El punto comenzó con un saque a la ‘T’ que su
rival devolvió flojo y centrado. Roger tenía toda la
pista para cruzar una bola y hacer correr de lado a lado a Gasquet, pero eso
era demasiado fácil para el mejor jugador de todos los tiempos. Con un toque
sutil y cortado, mandó una dejada a la derecha de un francés que ni siquiera
gastó esfuerzos en intentar llegar porque, a buen seguro, habrían sido en
balde. En vez de eso, el jugador local se quedaba de pie haciendo de espectador
privilegiado ante el momento histórico que estaba viviendo junto a las casi
treinta mil almas que llenaban el estadio Pierre Mauroy de Lille. Mientras
todos enmudecían, Roger Federer se dejaba caer en la arcilla francesa sobreexcitado
por la emoción de saber que su leyenda volvía a agrandarse un poco más, si es
que eso era posible, consiguiendo el último de los títulos que le quedaban por
adornar su más que agigantado palmarés.
A mí, que lo viví emocionado en
la calidez de mi hogar, me vino a la memoria la imagen de Federer llorando a
lágrima viva allá por 2009, cuando un fenomenal Rafael Nadal lo derrotaba en el
enésimo encuentro que jugaban. En aquella ocasión fue sobre la pista dura del abierto de Australia, y ahí algunos creímos que la leyenda del suizo terminaba,
que su digno sucesor había conseguido derrotarlo y enterrarlo para siempre. Cuán
engañados estábamos, qué tremenda desfachatez haber dudado del mejor jugador de
todos los tiempos, cuántas bocas tenía que callar y cuántos títulos levantar al
cielo. Ojalá sean muchos más, ojalá no se nos vaya nunca.
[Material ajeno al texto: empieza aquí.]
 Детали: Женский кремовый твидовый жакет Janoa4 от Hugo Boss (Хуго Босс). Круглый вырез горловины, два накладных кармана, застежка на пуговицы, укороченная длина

De Roger Federer, como ocurre con
todos los grandes deportistas, se ha dicho ya casi todo. Se han escrito libros,
rodado documentales e incluso, si me apuran, estoy seguro de que algún amante
del deporte le habrá dedicado alguna que
otra oda poética. Yo, desde la humildad de un blog que aúna todo y no habla de
nada, quería volver a hacer hincapié en la palabra que a todo ser viviente que
haya visto jugar al suizo le viene a la cabeza cuando ha de definir su estilo: elegancia.
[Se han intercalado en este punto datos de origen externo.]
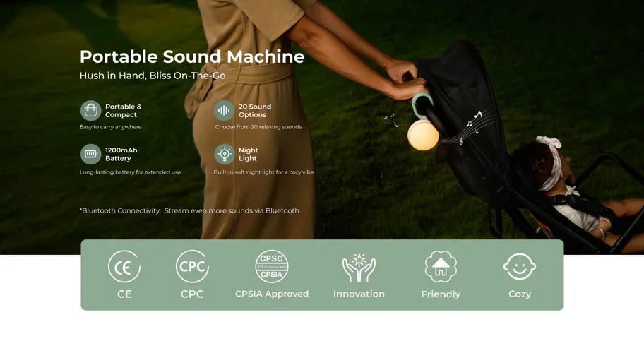 Ультрапортативный дизайн — легко крепится к кроватке, коляске или сумке с помощью крючка

Si Zidane lo fue en un terreno de
juego, Sam Snead frente a un hoyo o Pernell Whitaker encima de un ring, Roger
Federer es la personificación de ese concepto tan elitista y poco común, tan
apreciado entre los amantes del deporte como escaso dentro y fuera de él. El
suizo podrá, a sus treinta tres años, no
ser el mismo ciclón físico que conquistó el mundo a los veinticinco, pero es,
de largo, el jugador más refinado no sólo del circuito actual sino, probablemente, de
todos los que alguna vez empuñaron una raqueta.
Ver a Roger moverse entre
cualquier superficie es un deleite para la vista. Uno juraría que sus pies no
llegan a posarse nunca sobre la tierra batida, el césped o el cemento, sino que se
mantienen flotando y es únicamente la ilusión óptica del espectador lo que
parece asentarlo en el suelo. Su derecha no obtiene quizá la potencia de
los demás, pero es certera como una daga, y nadie me podrá negar que su revés es la acción más notable y depurada del panorama deportivo
actual. De largo, muy de largo sobre la segunda.
El maestro del tenis volvió un
veintitrés de noviembre a silenciar a aquellos impacientes que alguna vez
intentamos jubilarlo. Hoy, Roger Federer se aupó a lo más alto del único título
importante que le quedaba por ganar e indirectamente y siempre con mesura y
delicadeza, le dijo al mundo entero que todavía, por suerte y gracias a Dios,
nos queda mucho Federer por disfrutar. Eso es precisamente lo que nosotros tenemos la obligación de hacer, disfrutarlo; él se encarga de que así sea.